When triggers are used to produce multiple panes for a single window over time(because the existence of late data, we find ourselves confronted with the last question: “How do refinements of results relate?”
Discarding: Every time a pane is materialized, any stored state is discarded.
Accumulating: Every time a pane is materialized, any stored state is retained, and future inputs are accumulated into the existing state.
Accumulating & retracting: Like accumulating mode, but when producing a new pane, also produces independent retractions for the previous pane(s).
That’s it for the concepts! In the remaining sections, I will provide some case studies related to the topics above and the first example we will be looking at is Apache Flink.
Like I mentioned, Flink folks built a system that’s all-streaming-all-the-time under the covers, even in “batch” mode. Essentially, Flink implements many techniques from the Dataflow Model. Here, I will focus on late elements in Flink.
The mechanism in Flink to measure progress in event time is watermarks. Watermarks flow as part of the data stream and carry a timestamp t. A Watermark(t) declares that event time has reached time t in that stream, meaning that there should be no more elements from the stream with a timestamp t’ <= t (i.e. events with timestamps older or equal to the watermark).
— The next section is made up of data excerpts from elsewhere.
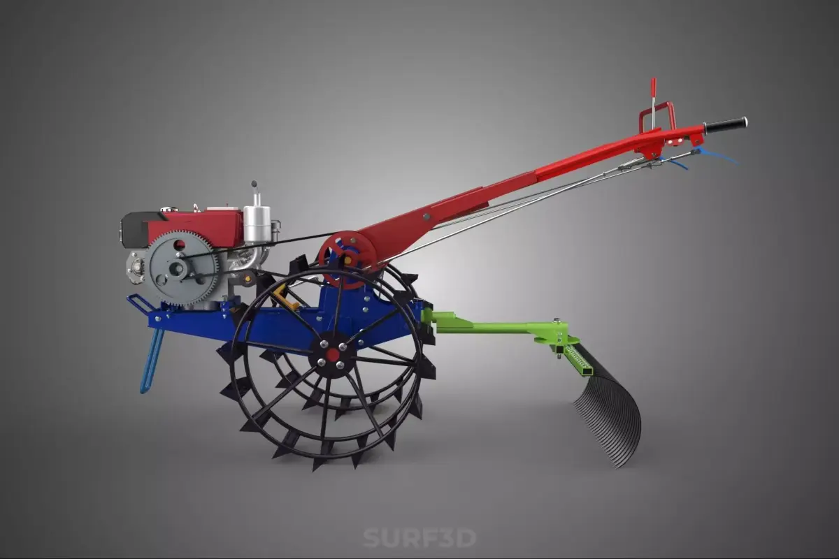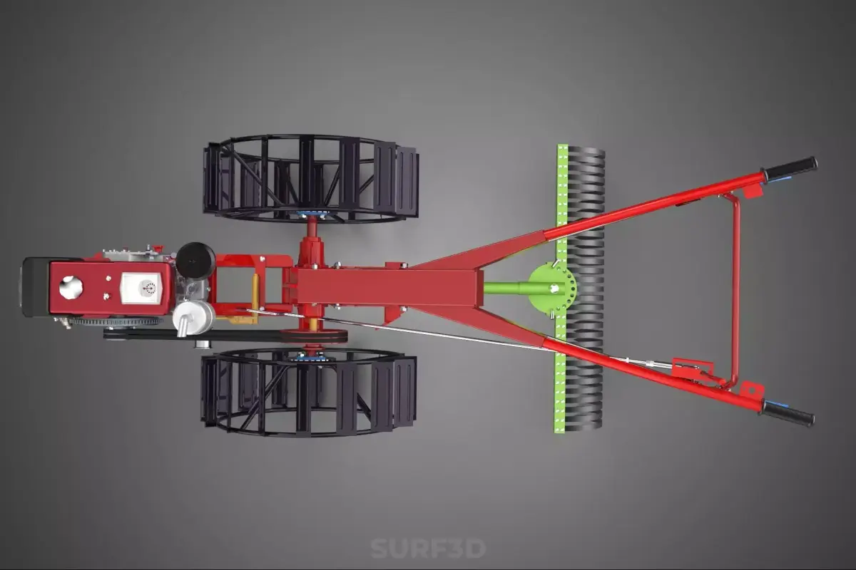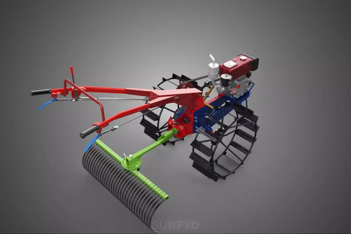 KEYWORDS: Walk-behind Tractor, Power Tiller, Harrowing, Raking, Cage Wheel, Seedbed Preparation, Agricultural Machinery, Two-Wheel Tractor, Soil Cultivation, Shallow Tillage, Residue Management, Ground Engagement, Flotation, Traction, PTO Attachment, Finishing Tool, Soil Pulverization, Clod Breaking, Leveling, Hand Tractor, Intensive Farming, Organic Farming, Gardening, Farm Implement, Tine Harrow, Secondary Tillage, Axle Drive, Inter-row Cultivation, Vegetable Farming, Soil Aeration.
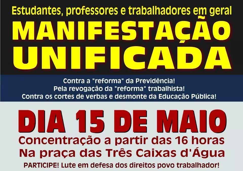 Participam da manifestação unificada contra o desmonte da educação sindicatos e movimentos sociais que também vão protestar contra a reforma da Previdência.
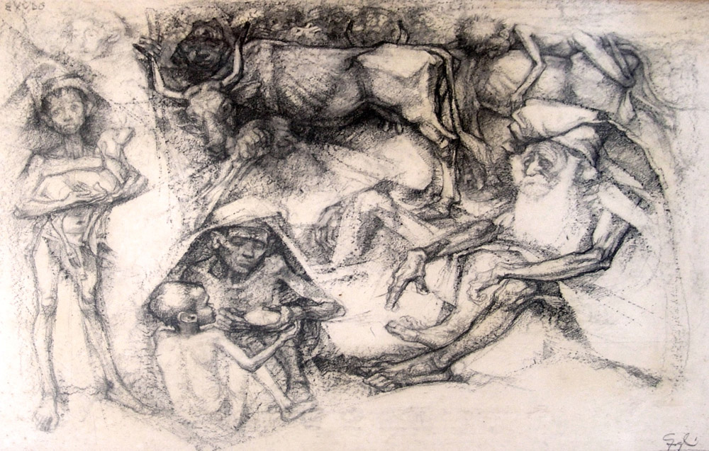 Lorenzo Gigli 1896, Recanati (Mc) - 1983, San Fernando (Argentina) - [Italia/Argentina] Esodo matita su carta 85x111 cm c. 1935 firma dell'artista in basso a destra; opera con cornice certificato di autenticità Picenum

Watermarks are crucial for out-of-order streams, as illustrated below, where the events are not ordered by their timestamps. In general a watermark is a declaration that by that point in the stream, all events up to a certain timestamp should have arrived. Once a watermark reaches an operator, the operator can advance its internal event time clock to the value of the watermark.
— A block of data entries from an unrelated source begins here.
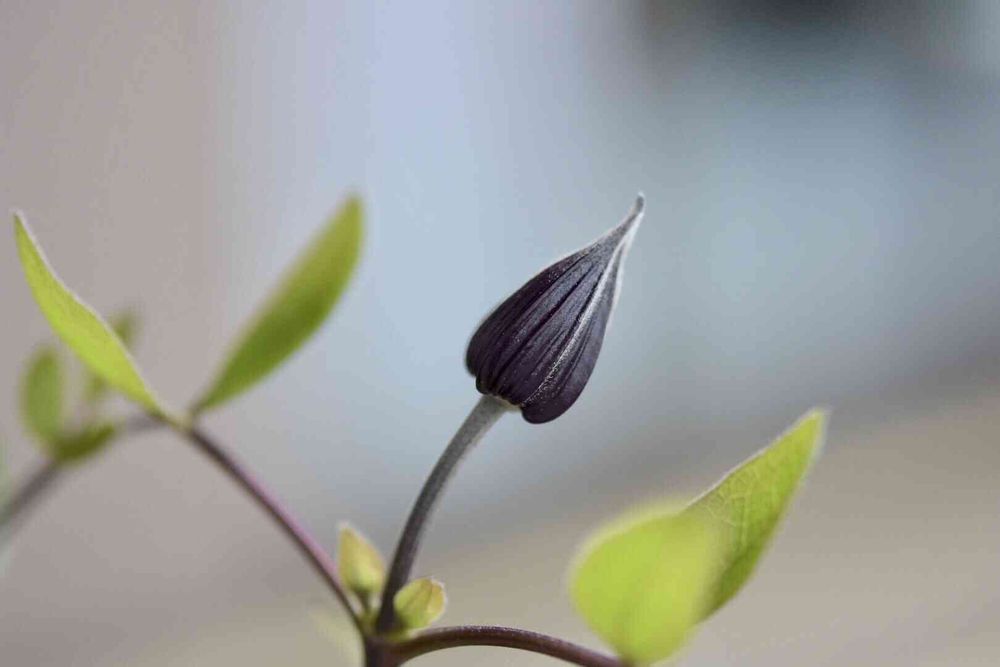 ぐんぐんツルが伸びた先っぽで、ツンと上向きに蕾んでいますよ。咲く頃にはうつむくかな?
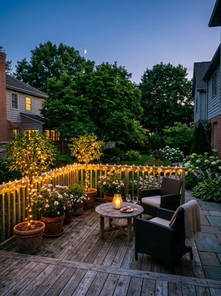 Even a small balcony can feel like an enchanting escape with thoughtful outdoor fairy lights decor.
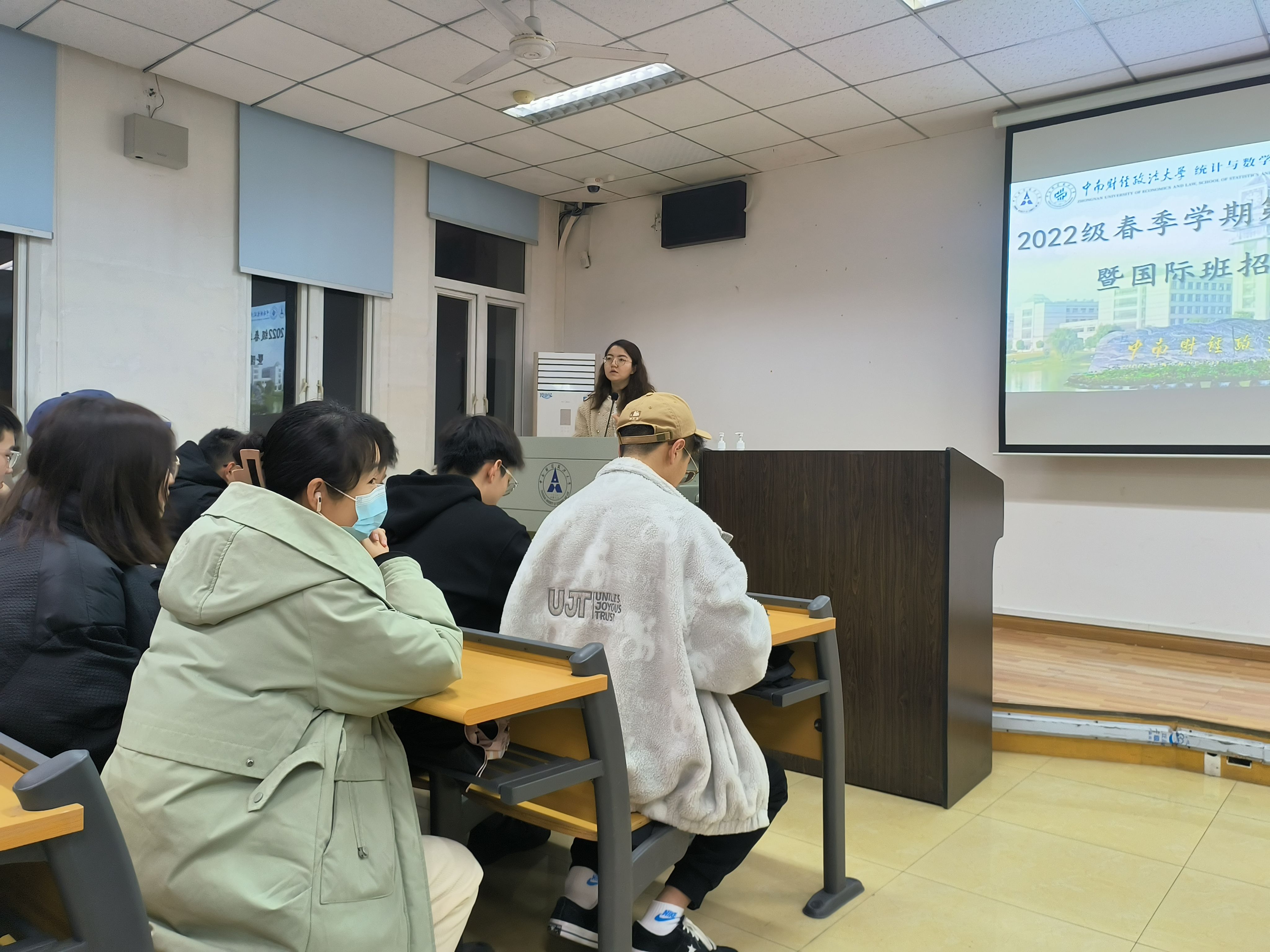 (通讯员 查雨珩)为更好地迎接新学期,调动年级学习氛围,2月18日晚,统计与数学学院全体2022级本科生于文润303召开2022-2023学年第二学期第一次年级大会暨国际班招生宣讲会。会议邀请到统计与数学学院统计学系副教授赵目老师进行国际班招生宣讲,年级大会由统计与数学学院2022级辅导员胡瑶老师和伊帕尔古丽·吐尔孙江老师主持。
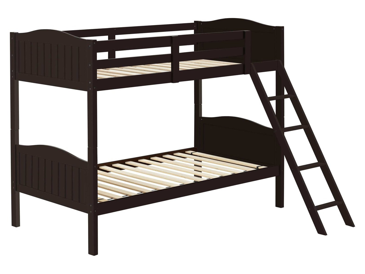 Create more floor space in your kid's room with this simple, yet modern bunk bed. Available in several colors, this bunk bed can lend to any room's current color palette. The camelback headboard and footboard offer a plank style look, along with a square, straight frame silhouette. An angled ladder allows kids to get to the top bunk, which also offers secure guardrails on each side. Place this bunk bed in siblings' shared bedroom space to accommodate more room.

To reiterate, it is possible that certain elements will violate the watermark condition, meaning that even after the Watermark(t) has occurred, more elements with timestamp t’ <= t will occur. Late elements are elements that arrive after the system’s event time clock (as signaled by the watermarks) has already passed the time of the late element’s timestamp.
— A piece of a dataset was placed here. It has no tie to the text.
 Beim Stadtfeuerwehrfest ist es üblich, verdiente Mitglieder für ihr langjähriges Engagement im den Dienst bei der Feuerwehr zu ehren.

By default, late elements are dropped when the watermark is past the end of the window. However, Flink allows to specify a maximum allowed lateness for window operators. Allowed lateness specifies by how much time elements can be late before they are dropped, and its default value is 0. Elements that arrive after the watermark has passed the end of the window but before it passes the end of the window plus the allowed lateness, are still added to the window. Depending on the trigger used, a late but not dropped element may cause the window to fire again.
In order to make this work, Flink keeps the state of windows until their allowed lateness expires. Once this happens, Flink removes the window and deletes its state. (Worded differently, a window is created as soon as the first element that should belong to this window arrives, and the window is completely removed when the time (event or processing time) passes its end timestamp plus the user-specified allowed lateness
).
I liked the paper overall. The graphs in the paper(especially figure 2) are straightforward and informative. However, I not fully convinced about the argument that streaming is a strict superset of batch computation. When all the data has been collected before it needs to be processed and latency is not the top priority, batch computation systems provide better throughput and fault-tolerance/adaptivity(Please refer to Drizzle paper about the detailed comparison).
One thing I don't like about the paper or the blog post is that there is no evaluation/performance test at all, but I guess they might be adequately discussed in FlumeJava or MillWheel since I haven't read them yet.